What was it like to raise him? In our lives we come into contact with people who are smarter or stronger than we are. These are people who become famous. And after they become famous, they eventually get around to making biographies of these people. And they go to the parents, asking them what it was like to raise a child like that. They always end up saying that at an early age the child could out-move, out-dunk, out-read the parent. This morning Luke does the same for us. He lets us know what it was like to be the parents of Jesus. This is the only record of Jesus’ childhood. We jump from Jesus at 2 years old to 32. The only exception is these words here. But in these words we see what it was like for Mary and Joseph to raise the Christ. In Luke 2, we read: 41 Every year Jesus’ parents went to Jerusalem for the Festival of the Passover. 42 When he was twelve years old, they went up to the festival, according to the custom. 43 After the festival was over, while his parents were returning home, the boy Jesus stayed behind in Jerusalem, but they were unaware of it. 44 Thinking he was in their company, they traveled on for a day. Then they began looking for him among their relatives and friends. 45 When they did not find him, they went back to Jerusalem to look for him. 46 After three days they found him in the temple courts, sitting among the teachers, listening to them and asking them questions.” (Luke 2:41–46 NIV11-GKE)

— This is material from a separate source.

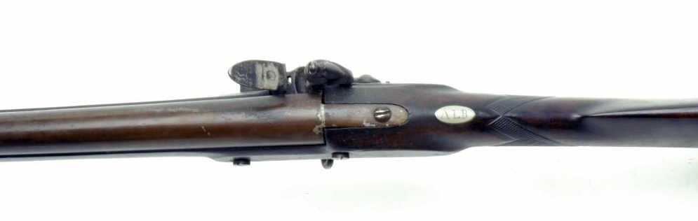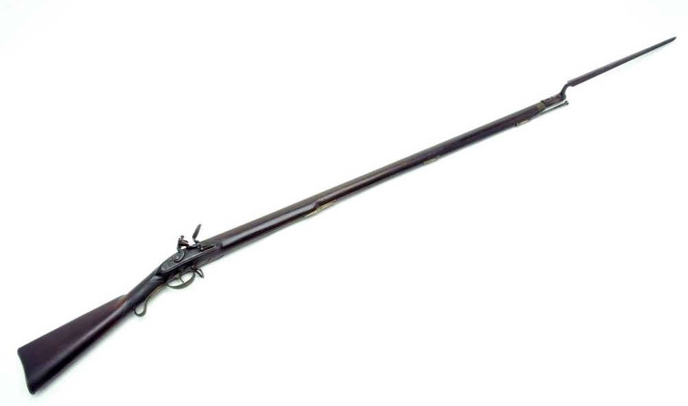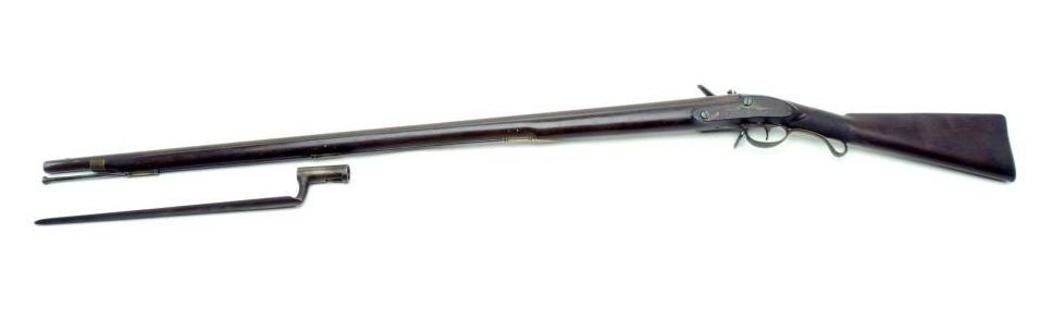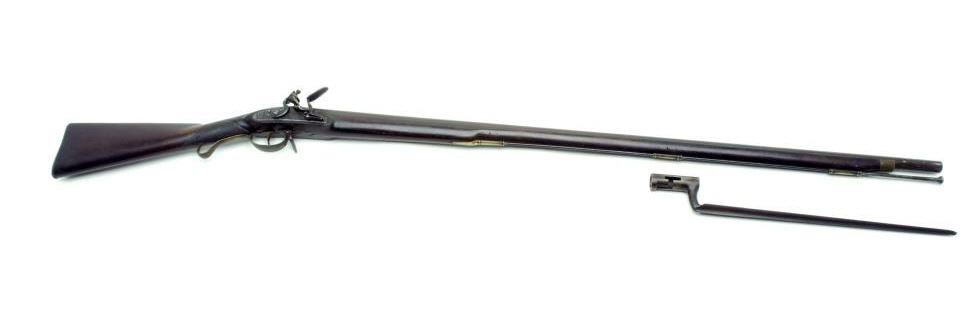 Flintlock full stocked rifle with I.P. Moore lock, .69 caliber, 42” barrel, browned finish, brass mounted, checkered wrist, with U.S. marked socket bayonet, sometimes called a New England musket, in overall very good condition with crisp action,majority of brown finish remaining on barrel, very good wood with escutcheon at top of wrist showing “ALB” initials; socket bayonet has TA inspection (per consignor, early U.S. inspector Thomas Annaly. Accompanied by note from consignorindicating obtained from an old dealer in Shreveport, LA. 55 years ago who reported the gun came out of an old plantation house in Georgia. The consignor also noted the gun was loaded when he bought it with lead shot that was hand droppedand wadded with newspaper; he removed the load but the paper was too far gone to find a date. (Antique). Est.: $900-$1,800.

First, Luke gives tells us what life was like from the parents’ perspective. Every year Mary and Joseph would go up to Jerusalem for the Passover. But when Jesus is old enough, they bring Jesus. They finish the Passover and then return home. And what we need to understand is that they traveled in groups of extended families, not just immediate, nuclear families. They traveled with cousins. This is an important detail because when they leave Jerusalem, they forget about Jesus. Taking care of the children was often delegated to someone else. So they get a day down the road and they remember to look for Jesus. He is not there. They panic and rush back to Jerusalem. And then for three days they look for him. So now, four days have gone by. They finally find him in the temple grounds asking questions of the professors and teachers of teachers. That’s the parents’ perspective. Then Luke gives us what was happening from Jesus’ perspective: “Everyone who heard him was amazed at his understanding and his answers.” (Luke 2:47 NIV11-GKE)

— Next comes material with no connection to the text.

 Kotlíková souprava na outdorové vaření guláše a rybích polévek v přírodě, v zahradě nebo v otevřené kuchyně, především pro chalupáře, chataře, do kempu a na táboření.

This is an important verse. Jesus is there, day after day, hour after hour, grilling the teachers with questions. But there’s more. They asked him questions too. They were amazed at his answers. And they were amazed at what his answers showed: This 12 year old boy knows. He knows far more than he is supposed to or should be able to. So Jesus is having this amazing conversation with these teachers. And what happens next? 48 When his parents saw him, they were astonished. His mother said to him, “Son, why have you treated us like this? Your father and I have been anxiously searching for you.” 49 “Why were you searching for me?” he asked. “Didn’t you know I had to be in my Father’s house?” 50 But they did not understand what he was saying to them.” (Luke 2:48–50 NIV11-GKE)

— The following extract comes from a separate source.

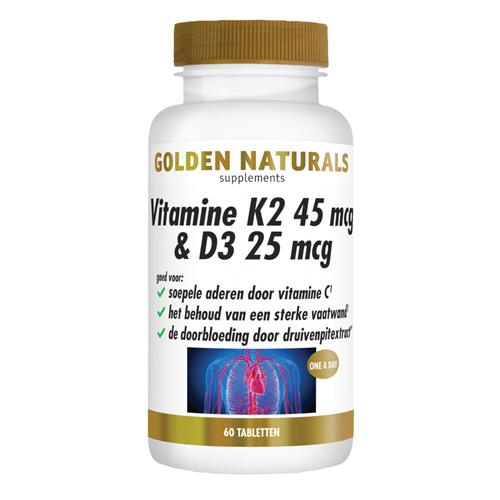- Bij Bol.com kun je Golden Naturals Vitamine K2 45 mcg & D3 25 mcg (60 vegetarische tabletten) kopen voor de prijs van € 17,21. Dit is vandaag de goedkoopste webshop.

From where Jesus was sitting his parents interrupted him. Mary asks Jesus, “why.” But there’s this accusing tone in her voice. She lets Jesus know that what he did caused them hardship and pain.1 Jesus’ response is amazing. He gives them two details that they need to know. First, he answers the why question. Why was he there? It was absolutely necessary.2 Then he tells them the answer to the what question. He was there in his Father’s house carrying out his Father’s business.3 In a very forceful way, Jesus, at 12 years old was reminding his parents who he was. He was the Son of God. He was not the one who had messed up. They had one job to do: care for the Christ. And they were the ones who had failed, not him.

Now, my dear friends in Christ, what do we do with all of this? How do we make sense of this? What this shows us is that we need a complete Savior. And that means that we need a Savior who is truly God. And here we see this. Jesus knows. He knows far beyond his years. And it’s not just interesting that he knows only what God can know. It is also necessary. Each of us needs a Savior who knows all. For, as human beings, we can be tripped up by people who lie to us. No one can lie to Jesus because Jesus knows all. Years ago I watched a movie where a guy got a ride from a friend. He told his friend, “stay, here, I’ll be right back.’” The guy came back a couple of minutes later with a huge bag of money in his hands and got in the car. Out of nowhere the driver had become an accomplice to the crime for one reason: he didn’t know. And the same happens to us when people lie to us and lead us into sin. We need a Savior who knows all. That is the only sort of Savior who can never be led astray by lies and deceit.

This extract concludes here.